The SmartFusion chips comprise three main sections: an FPGA, an MCU, and an analog section. Exploring the FPGA first, members of the family offer from 60K to 500K equivalent gates, whatever that figure might mean. A more concrete measure of logic capacity is that the family offers from 1536 up to 11,520 flipflops. There are up to 128 programmable digital I/Os and from 32 to 96 Kbits (approximately) of block RAM. The fabric can implement designs with up to 350 MHz system clocks, Actel says. The programming technology is Actel’s unique Flash process, so it’s compact, low-power, and both non-volatile and field-configurable.

The microcontroller section centers on a 100 MHz ARM Cortex M3 core with the usual complement of advanced MCU peripherals, up to 512 KBytes of Flash code store, and up to 64 KBytes of SRAM, separate from the block RAM in the FPGA section. In addition there is a single 10/100 Ethernet MAC on most of the chips in the family.

The analog section is a little harder to sketch quickly. If you are familiar with earlier Actel Fusion chips, this analog section will be familiar too. It includes 12-bit, 600 Ksample/s successive-approximation ADCs and 12-bit sigma-delta DACs (up to three of each), up to ten 50ns comparators, and a variety of current, voltage, and temperature monitors. Altogether the chips offer up to 32 analog inputs and three outputs. One of the benefits of the Flash process, Actel points out, is that it gives you the high-voltage transistors you need for simple analog design.

Another interesting feature of the analog section is a dedicated 8-bit MCU Actel calls the Analog Compute Engine. Actel senior product marketing manager Rajiv Nema says that users program the ACE through a GUI, and the core in turn sets up parameters of the analog section such as sample rates on the converters, collects data from the ADCs, and drives the DACs. The ACE also serves as the interface between the analog section an the rest of the chip.

The FPGA, MCU, and analog sections are joined through a conventional AMBA AHB structure. The AHB matrix connects directly into the FPGA fabric, giving plenty of bandwidth for accelerators or low-latency digital preprocessing engines.

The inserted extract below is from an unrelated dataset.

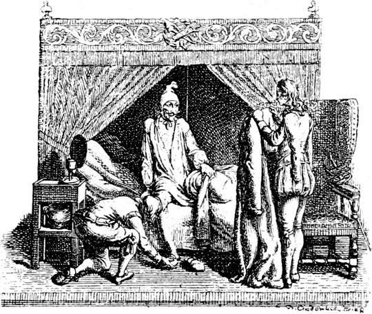 Wo der Text Witz oder Humor verlangt, steht Chodowiecki meist seinen Mann. Wenn auch Cervantes’ Don Quixote und Le Sages Gil Blas (E. 285) nicht eben Stoffe waren, die ihn zu besonders glücklichen Leistungen anregen konnten, so gelang ihm dafür um so besser die Travestie Blumauers mit ihrer spießbürgerlichen Komik (Abb. 193), die Verspottung trottelhafter Beschränktheit und Einfaltspinselei, wie sie in Nicolais Sebaldus Nothanker (Abb. 59, E. 131, 132, 104), in Müllers Siegfried von Lindenberg, — dem die köstliche Liebhaberaufführung von Lessings Minna entlehnt ist (Abb. 85, E. 490) —[S. 127] und in dem komischen Roman Philipp von Freudenthal (Abb. 89, E. 390) so köstlich gegeißelt werden, sowie die gutmütige Satire in Gellerts Fabeln (Abb. 6265, E. 141, 160). Unwiderstehlich komisch wirkt das starre Entsetzen der vettelhaften Meta aus der „Geschichte eines Genies“ beim Anblick der Untreue ihres geliebten Syrup (Abb. 192, E. 346). Aber auch ernste Empfindungen, leidenschaftlichen Schmerz, herzbewegende Trauer bringt die Radiernadel des Meisters oft zu wirksamem Ausdruck, wenn das Milieu des bürgerlichen Standes, der ihm von Jugend auf vertraut war, mit dem er fühlte und dachte, gewahrt bleibt. So ergreifen uns die Sterbescenen aus Sebaldus Nothanker (Abb. 57, E. 102) und Hippels Lebensläufen (Abb. 77, E. 302) durch ihr echtes Gefühl, wenn sie auch der mattherzigen Rührseligkeit der Zeit etwelchen[S. 128] Tribut zollen. Einzelheiten des Ausdrucks in der Haltung und den liebevoll durchgeführten winzigen Gesichtern fallen dabei mehr ins Gewicht, als die Gesamtstimmung, die er den Interieursscenen zu geben versucht. Es sind eben — aber- und abermals muß es betont werden — die sympathischen Grundzüge in Chodowieckis Wesen, seine Ehrlichkeit und sein Kindergemüt, die selbst aus einer geschmacklosen Fassung mit dem Glanz echten Edelgesteins hervorleuchten. Daß die Schilderung der harmlosen und innigen Freuden bürgerlichen Familienglückes am stärksten solche Vorzüge erkennen läßt, dürfen wir auch an dieser Stelle nicht unwiederholt lassen (Abb. 2, 108, 110). Schon aus diesem Grunde und zugleich seiner kulturgeschichtlichen Bedeutung wegen wird Chodowieckis „Weihnachtsabend“ in Langs Almanach von 1799 (Abb. 194, E. 851) stets einen besonderen Reiz auf den Beschauer ausüben. Bildet doch diese kleine Radierung einen der wenigen Belege dafür, daß die für unser Gefühl mit der Weihnachtsfeier so unzertrennlich verbundene Sitte der Ausschmückung eines Tannenbaums am Ende des vorigen Jahrhunderts in Deutschland noch keineswegs allgemein eingebürgert war; wir sehen hier vielmehr ein hölzernes oder metallenes Gestell zur Aufnahme des Lichter- und Geschenkschmucks auf dem Gabentisch errichtet,[S. 129] zu dem die Eltern ihre jubelnden Kleinen führen. Solch ein Beispiel erinnert uns von neuem daran, daß Chodowieckis Darstellungen eine unerschöpfliche Fundgrube für den Kulturhistoriker bilden, wie sie denn von dem bedeutendsten Schilderer fridericianischer Zeit in diesem Jahrhundert, von Adolf Menzel, der in mehr als einer Beziehung auf unseres Meisters Schultern steht und lebhafte Verehrung für seinen großen Vorläufer hegt, mit Vorliebe benutzt worden sind.

This becomes particularly important, for example, in Actel’s motor control reference design, where slower control loops, with latencies longer then 10 µs goes through the MCU peripherals and is handled in software, and loops faster than that go through dedicated hardware in the FPGA fabric.

The AHB reaches the MCU peripherals and the ACE through APB bridges. Thus all the resources of the chip are bound together through familiar ARM interconnect technology.

The other critical component of such an SoC is the development environment. Actel offers software development through third-party development environments such as Keil, IAR, and SoftConsole. RTL development goes through Actel’s Libero environment. A third tool, Actel’s MSS Configurator, allows you to configure the MCU and the analog sections.

The SmartFusion family won’t be the answer to all mixed-signal control and sensor-processing applications. But if the application requires more processing power than you can get from a soft ARM core, can live with the modest analog performance, and can benefit from a substantial FPGA fabric, the chip family could be quite flexible. In fact the ability to pack a lot of logic, a substantial MCU, and a capable kit of analog blocks into a moderately-priced chip may mean that SmartFusion’s destiny will be quite different than the doom that overtook previous hard-MCU/FPGA integrations.